Sri Lankan war crimes horrific: U.N. report

September 16, 2015 02:57 pm | Updated November 28, 2021 08:58 pm IST - Colombo

U.N. High Commissioner for Human Rights Zeid Ra'ad Al Hussein.

U.N. High Commissioner for Human Rights Zeid Ra'ad Al Hussein.

A long-awaited United Nations report has urged Sri Lanka to establish a special court to try the “horrific” abuses committed by the authorities and the rebels in the last phase of the country’s civil war.

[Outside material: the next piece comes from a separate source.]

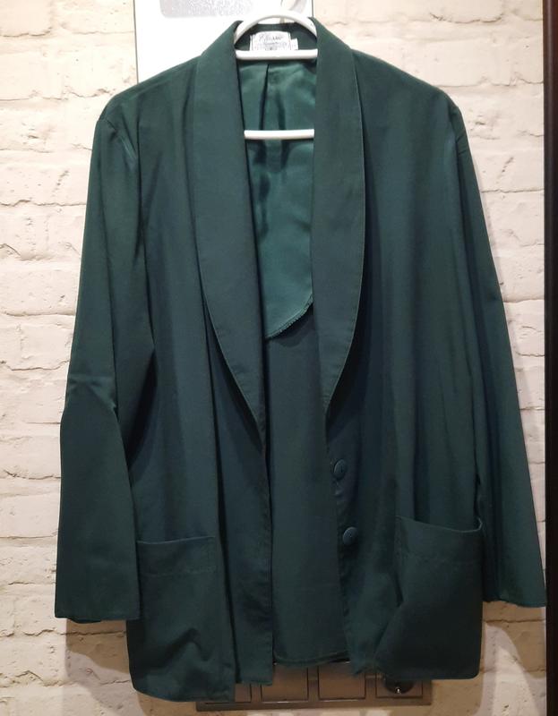 Глубокий зеленый цвет. Прямой не приталенный. Большие вертикальные карманы. На мой рост 160см и размер М красиво. Замеры по фото

The Office of the United Nations High Commissioner for Human Rights Investigation on Sri Lanka (OISL), which released the report in Geneva on Wednesday, called upon Colombo to create the proposed court through specific legislation by integrating international judges, prosecutors, lawyers and investigators. “For an accountability mechanism to succeed in Sri Lanka, it will require more than a domestic mechanism,” the OISL said. This would be “essential to give confidence to all Sri Lankans, in particular the victims, in the independence and impartiality of the process, particularly given the politicisation and highly polarised environment in Sri Lanka.”

Zeid Ra’ad al-Hussein, the U.N. High Commissioner for Human Rights, said at a press conference in Geneva that “our investigation has laid bare the horrific level of violations and abuses that occurred in Sri Lanka”.

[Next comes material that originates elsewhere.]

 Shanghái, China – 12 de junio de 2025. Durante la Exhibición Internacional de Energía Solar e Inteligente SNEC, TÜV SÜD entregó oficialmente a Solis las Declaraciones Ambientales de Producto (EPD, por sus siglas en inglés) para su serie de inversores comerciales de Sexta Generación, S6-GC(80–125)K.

The Sri Lankan government, while responding to the report, said the findings would receive “due attention” of relevant authorities. The government recognised “fully” that the report represented “a human rights investigation and not a criminal investigation”, the Foreign Affairs Ministry said in a statement here.

While the report found fault both with the authorities and the Liberation Tigers of Tamil Eelam (LTTE) in respect of “unlawful killing”, it pulled up the former on several counts, including “sexual and gender-based violence”, “enforced disappearances”, and “torture and other forms of cruel, inhuman or degrading treatment”.

As regards the detention of internally displaced people, the report said: “Almost 300,000 IDPs were deprived of their liberty in camps for periods far beyond what is permissible under international law.” The report was critical of the LTTE in respect of “recruitment of children and their use in hostilities”.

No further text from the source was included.